__Exercise details__: Find the line containing "2020年2月26日,四川省" in the listing below; reproduce it and every line after, exactly. Skip pictures.

__Available data__:
━━━━━━

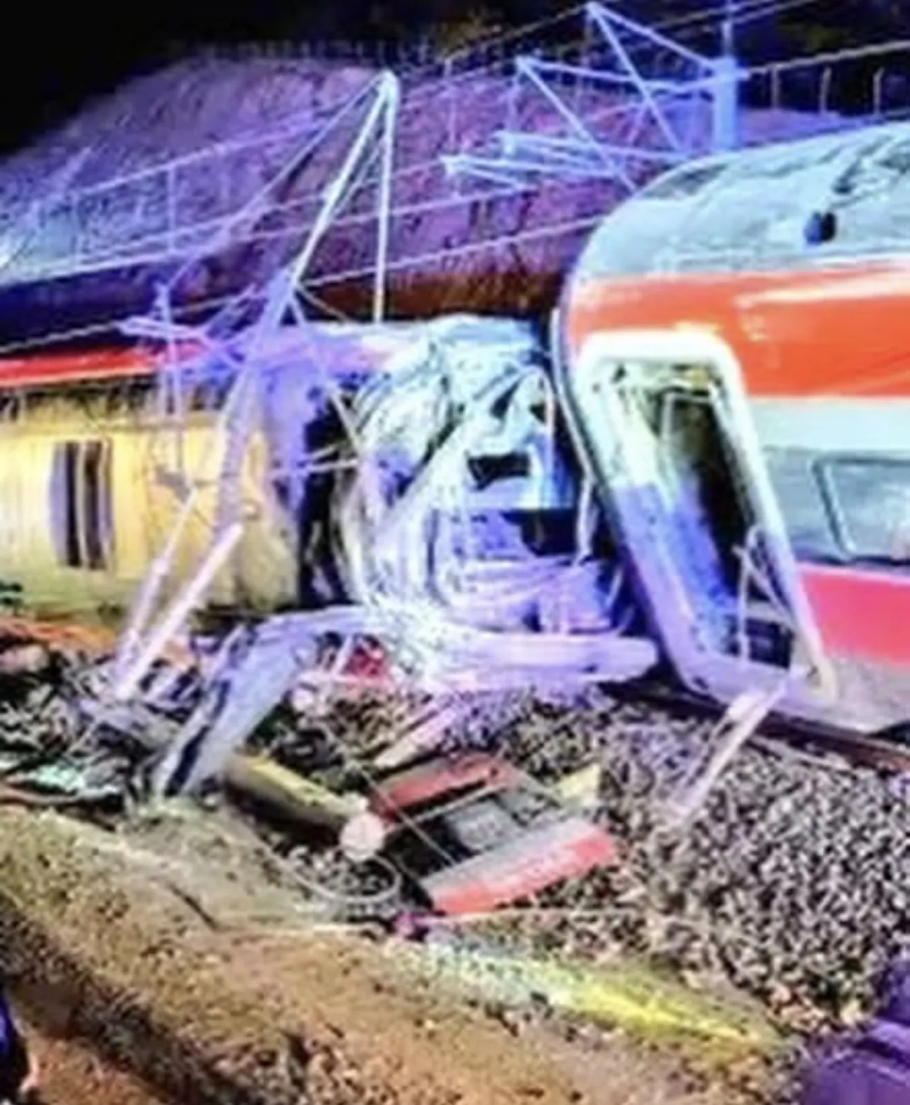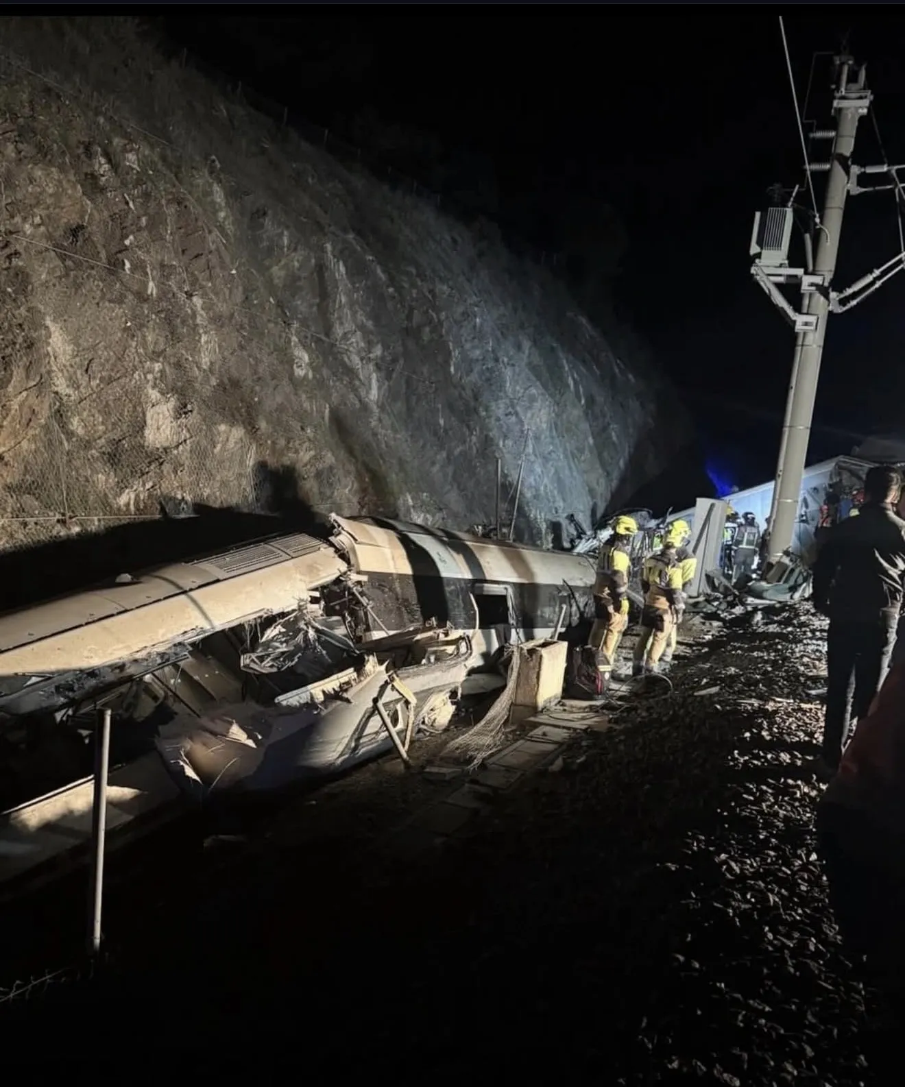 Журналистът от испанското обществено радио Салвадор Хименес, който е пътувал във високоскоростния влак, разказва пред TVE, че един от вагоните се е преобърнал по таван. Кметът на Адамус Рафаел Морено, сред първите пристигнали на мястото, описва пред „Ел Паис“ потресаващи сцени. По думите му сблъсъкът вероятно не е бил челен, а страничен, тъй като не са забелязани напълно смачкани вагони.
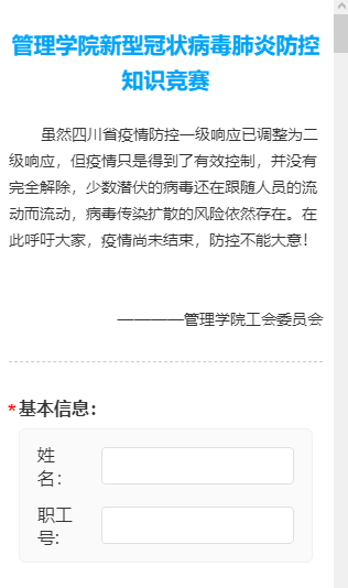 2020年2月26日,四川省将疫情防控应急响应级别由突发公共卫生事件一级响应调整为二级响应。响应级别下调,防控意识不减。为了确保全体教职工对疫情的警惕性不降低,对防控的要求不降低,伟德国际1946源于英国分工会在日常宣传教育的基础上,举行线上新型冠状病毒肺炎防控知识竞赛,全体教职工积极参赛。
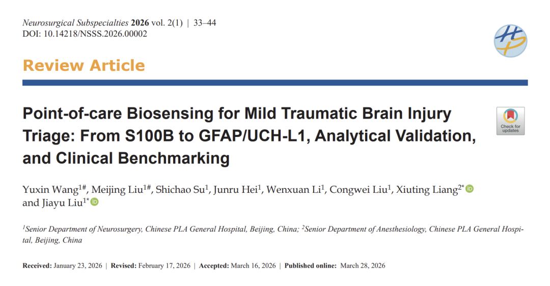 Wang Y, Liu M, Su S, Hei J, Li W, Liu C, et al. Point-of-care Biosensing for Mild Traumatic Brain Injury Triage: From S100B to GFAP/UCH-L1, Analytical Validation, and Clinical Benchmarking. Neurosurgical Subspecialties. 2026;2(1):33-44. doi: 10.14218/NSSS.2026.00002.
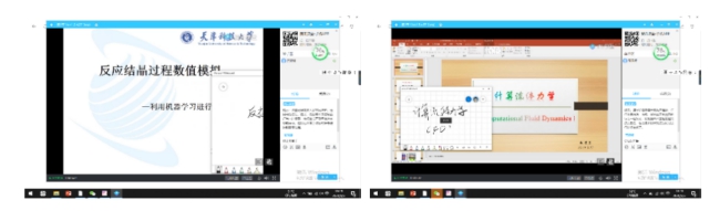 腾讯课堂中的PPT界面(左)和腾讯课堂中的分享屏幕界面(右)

━━━━━━

__Output__:
 2020年2月26日,四川省将疫情防控应急响应级别由突发公共卫生事件一级响应调整为二级响应。响应级别下调,防控意识不减。为了确保全体教职工对疫情的警惕性不降低,对防控的要求不降低,伟德国际1946源于英国分工会在日常宣传教育的基础上,举行线上新型冠状病毒肺炎防控知识竞赛,全体教职工积极参赛。
 Wang Y, Liu M, Su S, Hei J, Li W, Liu C, et al. Point-of-care Biosensing for Mild Traumatic Brain Injury Triage: From S100B to GFAP/UCH-L1, Analytical Validation, and Clinical Benchmarking. Neurosurgical Subspecialties. 2026;2(1):33-44. doi: 10.14218/NSSS.2026.00002.
 腾讯课堂中的PPT界面(左)和腾讯课堂中的分享屏幕界面(右)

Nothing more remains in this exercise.